What is needed:
Give back exactly the lines of the material below, starting with the line with "However, since then, I've" and going on through the line with "トレードマークのロングヘアを".

Provided data:
——
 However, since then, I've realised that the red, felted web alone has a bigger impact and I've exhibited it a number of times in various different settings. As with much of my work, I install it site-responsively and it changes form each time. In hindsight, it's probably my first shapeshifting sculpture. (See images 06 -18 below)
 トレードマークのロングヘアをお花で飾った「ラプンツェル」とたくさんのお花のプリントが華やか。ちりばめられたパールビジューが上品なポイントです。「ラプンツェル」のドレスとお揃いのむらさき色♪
——
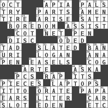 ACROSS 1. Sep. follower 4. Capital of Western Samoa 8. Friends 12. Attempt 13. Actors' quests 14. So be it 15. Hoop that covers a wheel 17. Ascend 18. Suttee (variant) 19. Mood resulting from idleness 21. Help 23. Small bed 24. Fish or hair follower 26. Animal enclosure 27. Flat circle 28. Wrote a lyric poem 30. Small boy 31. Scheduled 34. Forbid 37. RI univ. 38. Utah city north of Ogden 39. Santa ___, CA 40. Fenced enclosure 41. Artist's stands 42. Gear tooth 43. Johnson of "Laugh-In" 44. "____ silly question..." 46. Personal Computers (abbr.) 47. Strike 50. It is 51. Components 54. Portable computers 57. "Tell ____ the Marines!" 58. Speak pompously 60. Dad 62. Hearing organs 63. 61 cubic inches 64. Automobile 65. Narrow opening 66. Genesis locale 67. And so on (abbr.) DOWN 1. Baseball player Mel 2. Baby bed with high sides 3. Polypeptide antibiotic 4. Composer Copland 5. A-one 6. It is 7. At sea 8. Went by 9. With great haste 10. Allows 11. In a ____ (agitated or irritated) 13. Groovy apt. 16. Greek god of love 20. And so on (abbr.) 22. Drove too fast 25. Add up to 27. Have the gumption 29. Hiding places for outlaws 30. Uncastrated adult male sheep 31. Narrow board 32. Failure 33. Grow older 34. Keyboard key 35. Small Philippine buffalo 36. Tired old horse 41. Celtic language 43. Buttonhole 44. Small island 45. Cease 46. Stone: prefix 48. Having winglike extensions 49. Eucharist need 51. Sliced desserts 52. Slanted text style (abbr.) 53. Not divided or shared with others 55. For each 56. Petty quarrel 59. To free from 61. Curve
——
Response to this task:
 However, since then, I've realised that the red, felted web alone has a bigger impact and I've exhibited it a number of times in various different settings. As with much of my work, I install it site-responsively and it changes form each time. In hindsight, it's probably my first shapeshifting sculpture. (See images 06 -18 below)
 トレードマークのロングヘアをお花で飾った「ラプンツェル」とたくさんのお花のプリントが華やか。ちりばめられたパールビジューが上品なポイントです。「ラプンツェル」のドレスとお揃いのむらさき色♪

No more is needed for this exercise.